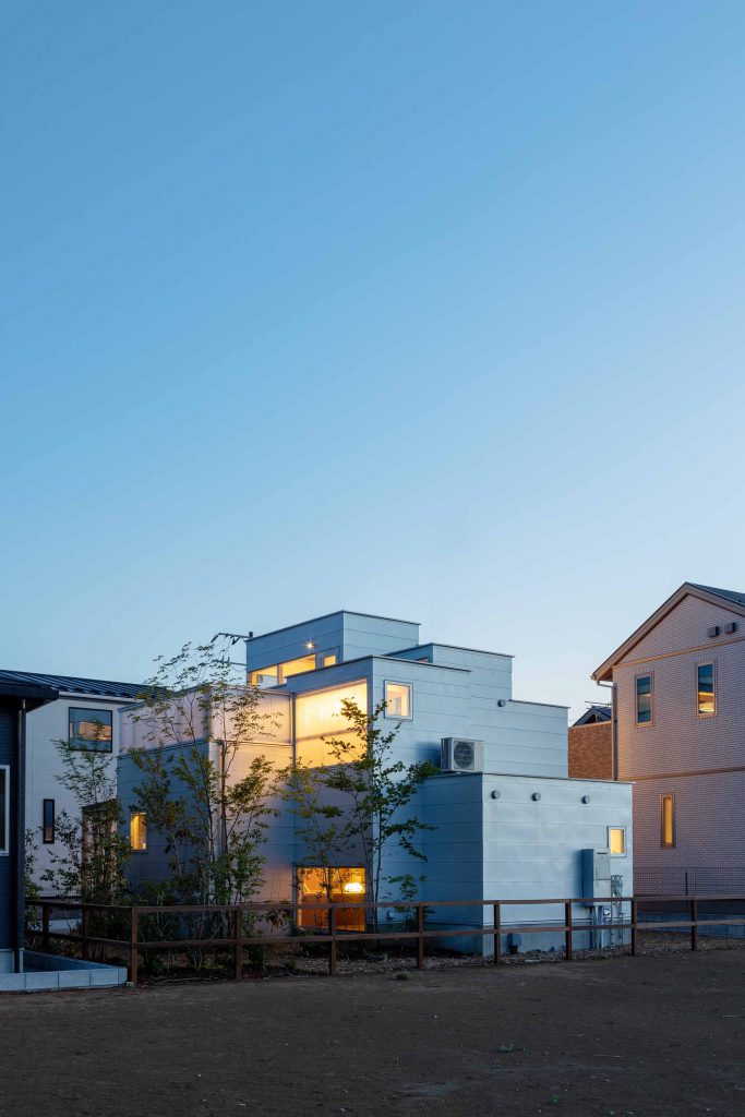 夫婦と子供の3人家族の住まいである。敷地は、千葉県八千代市のニュータウンの一角。最近まで畑や林などが残っていた地域で、周囲はまだ更地が広がる。夫は家全体がワンルームのように繋がり光に溢れた住まいを望み、妻は収納が多くプライバシーを保つことができる住まいを望んだ。両極端のリクエストを実現するため、立体的なワンルームとすることで地面と空を家の中に取り込み、環境と人とものの関係性を、床の段差によって構築した。
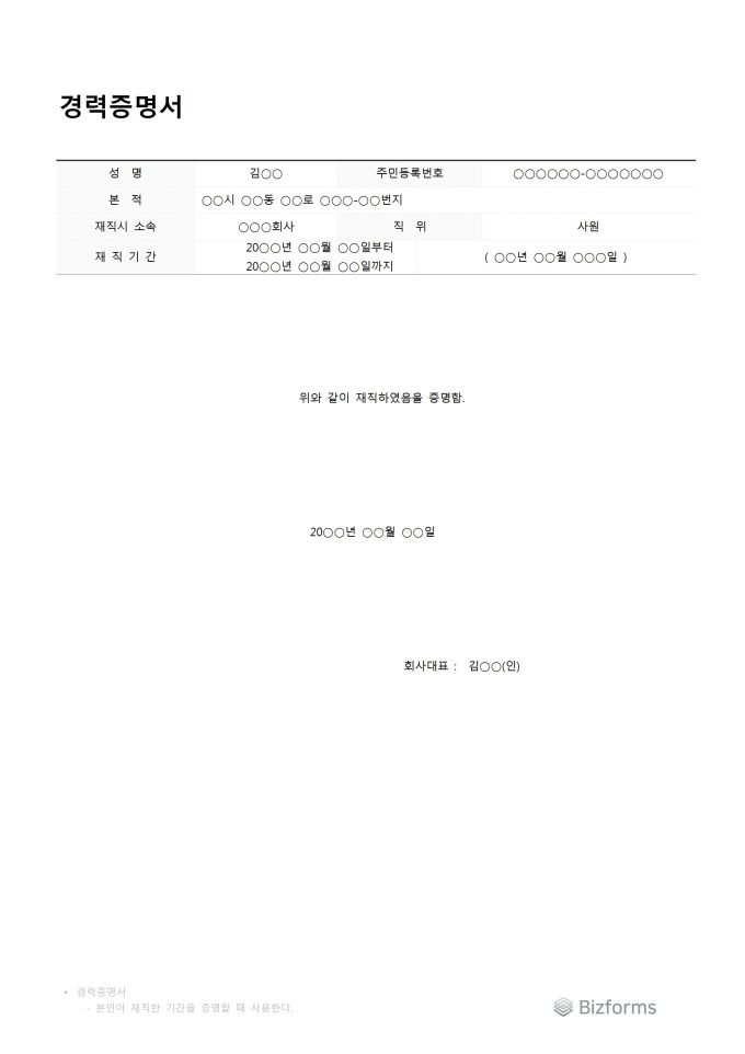 9,000원/월재직시소속, 직위, 재직기간등을 간단하게 작성할 수 있는 경력증명서입니다
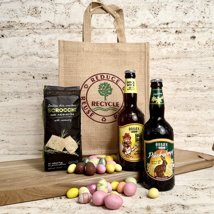Shoppingväska packad med 2 välsmakande danska ekologiska påskebrygder 50 cl, Italienska rosmarinkex och 200 g av vår Lyxig Påskeblanding
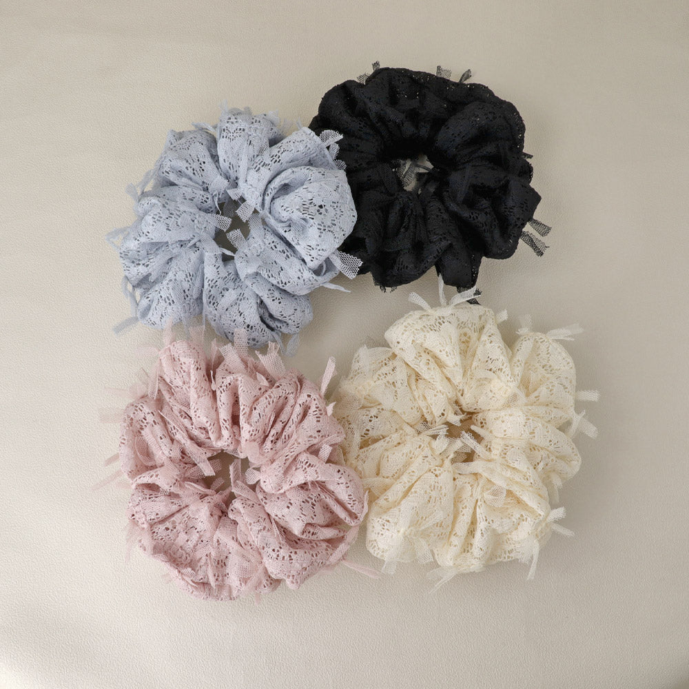 シュシュ フラワー レース風 デコレーション チュール ヘアゴム ヘアポニー

### What needs to be done
Drop the images; restate the listing exactly.

### Response to the task
 夫婦と子供の3人家族の住まいである。敷地は、千葉県八千代市のニュータウンの一角。最近まで畑や林などが残っていた地域で、周囲はまだ更地が広がる。夫は家全体がワンルームのように繋がり光に溢れた住まいを望み、妻は収納が多くプライバシーを保つことができる住まいを望んだ。両極端のリクエストを実現するため、立体的なワンルームとすることで地面と空を家の中に取り込み、環境と人とものの関係性を、床の段差によって構築した。
 9,000원/월재직시소속, 직위, 재직기간등을 간단하게 작성할 수 있는 경력증명서입니다
Shoppingväska packad med 2 välsmakande danska ekologiska påskebrygder 50 cl, Italienska rosmarinkex och 200 g av vår Lyxig Påskeblanding
 シュシュ フラワー レース風 デコレーション チュール ヘアゴム ヘアポニー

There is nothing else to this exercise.